Why is Jesus called the Word? It’s clear that John wants us to understand the Word as divine and eternal. He is God. Having established that, John goes on to say: “And the Word became flesh and dwelt among us, and we beheld His glory, the glory as of the only begotten of the Father, full of grace and truth” (John 1:14).
In the beginning was the Word, and the Word was with God, and the Word was God. (John 1:1, NKJV)
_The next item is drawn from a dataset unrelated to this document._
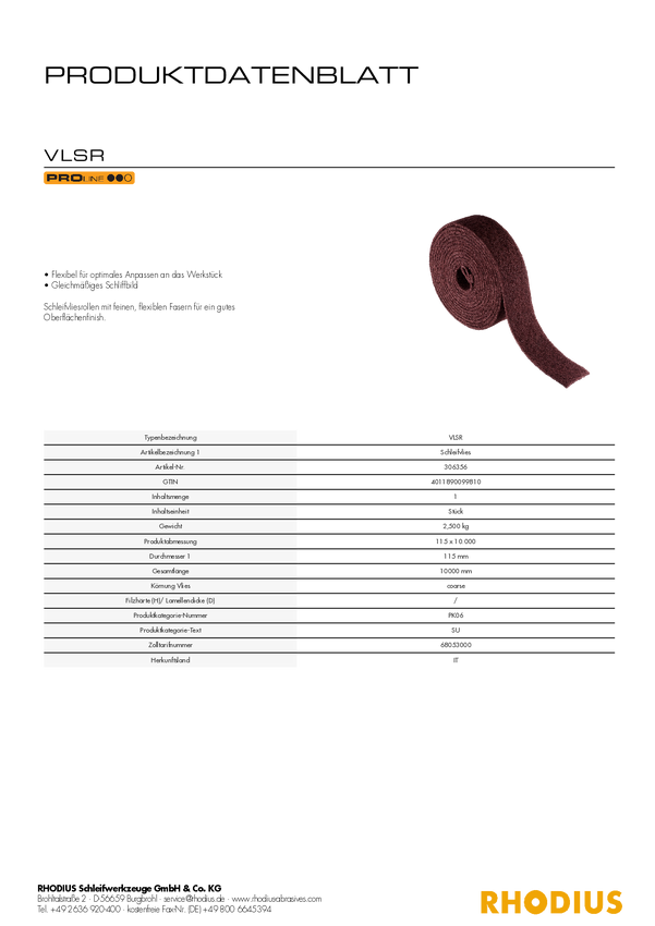 Rhodius 306356 RHODIUS VLSR, włóknina ścierna 115 x 10 000 mm, gruba, PROline do uniwersalnego zastosowania 1 szt.

If I were to open with the words, “fourscore and seven years ago,” your mind would immediately go to Abraham Lincoln’s address at Gettysburg. His words hearken back to the signing of the Declaration of Independence that brought the United States into existence and set the stage for what he had to say.
The Bible’s opening words are “in the beginning” (Gen. 1:1). It is with those words that John launches his Gospel account. He uses this familiar phrase to orient us to creation. He weaves together themes of creation, light, and life. Beyond what has been made is the eternal, uncreated God. Now, invoking the words of Genesis, John begins a new creation account.
The Synoptic Gospels – Matthew, Mark, and Luke – start their narratives with the earthly ministry of Jesus. Matthew and Luke record accounts of His birth. John, however, begins with the pre-incarnate Christ. He is eager for us to know that Jesus is God, eternal, self-existent, and uncreated. In a sense, John can’t call Him “Jesus” yet because Jesus is His given name, His human name, the name assigned Him at His birth.